The worst possible turn signal design is where it's incorporated in one bulb. Signal, running, and brake lights all from one bulb. It is just unsafe, stupid, and of poor design. I really do not understand why Audi thinks this concept is so much better, and from what I can see, is slowly discontinuing its production of rear fog lamps for NA spec. models. They are following in the steps of American car producers..


----------



## pony_trekker (May 26, 2003)

OBS3SSION said:


> Personally, I HATE red rear turn indicators. I think they too closely look like brake lights.


I'm with ya. I consider safety when I buy a car. In my opinion, amber turn signals are safer. It's one of the things I consider.



> I'm just glad our BMW's have the amber rear turns. Would I not buy a car because of this? Don't know... but it would go onto the list of "cons".


Not true. The 3 series sedans and 5 series have red. However, the red turn signals on the 5 are SO BRIGHT you can't miss them.


----------



## pony_trekker (May 26, 2003)

Maverick said:


> No, I understood this info already. I just think it is bizarre that DOT would think that an amber reflector on the front is more important that distinguishing the difference between a braking and turning vehicle. Why is one illegal and the other not? They are two different issues, I'm just comparing the inconsistency in the DOT's stupid rules.
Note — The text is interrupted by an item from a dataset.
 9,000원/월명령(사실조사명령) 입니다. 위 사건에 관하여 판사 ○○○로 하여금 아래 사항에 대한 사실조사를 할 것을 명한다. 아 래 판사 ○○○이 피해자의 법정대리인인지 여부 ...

this has to be the result of GM spending a million on lobbying to save two million.


----------



## Melquin (Jul 20, 2008)

X5drive said:


> The worst possible turn signal design is where it's incorporated in one bulb. Signal, running, and brake lights all from one bulb. It is just unsafe, stupid, and of poor design. I really do not understand why Audi thinks this concept is so much better, and from what I can see, is slowly discontinuing its production of rear fog lamps for NA spec. models. They are following in the steps of American car producers..
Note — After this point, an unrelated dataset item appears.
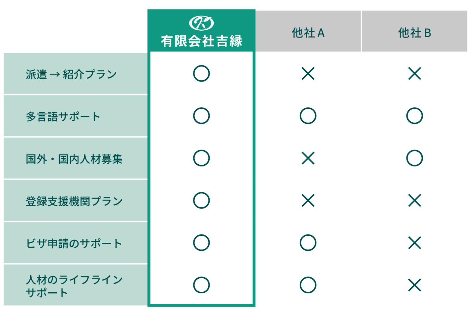 吉縁では「人材派遣」「有料人材紹介」「登録支援機関」の

From what I understand there is a US DOT spec which mandates a distance separation between the rear fog lights and brake lights on the vehicle, that has necessitated the deactivation of the fog lights on some of the NA vehicles. At least that is what I had been told as to why all the lamp hardware was in place for them on 2006 A3 but no switch or programming, but the A4s had them active.


----------



## gmlav8r (May 28, 2003)

Amber = Safer


----------



## AzNMpower32 (Oct 23, 2005)

I swear Cadillac and Ford are the biggest offenders of the brake + turn indicator "multi-tasking". Really, we ought to just have amber turn signals because its harder to confuse.

Actually better yet, let's just have ONE set of international light standards. :thumbup:


----------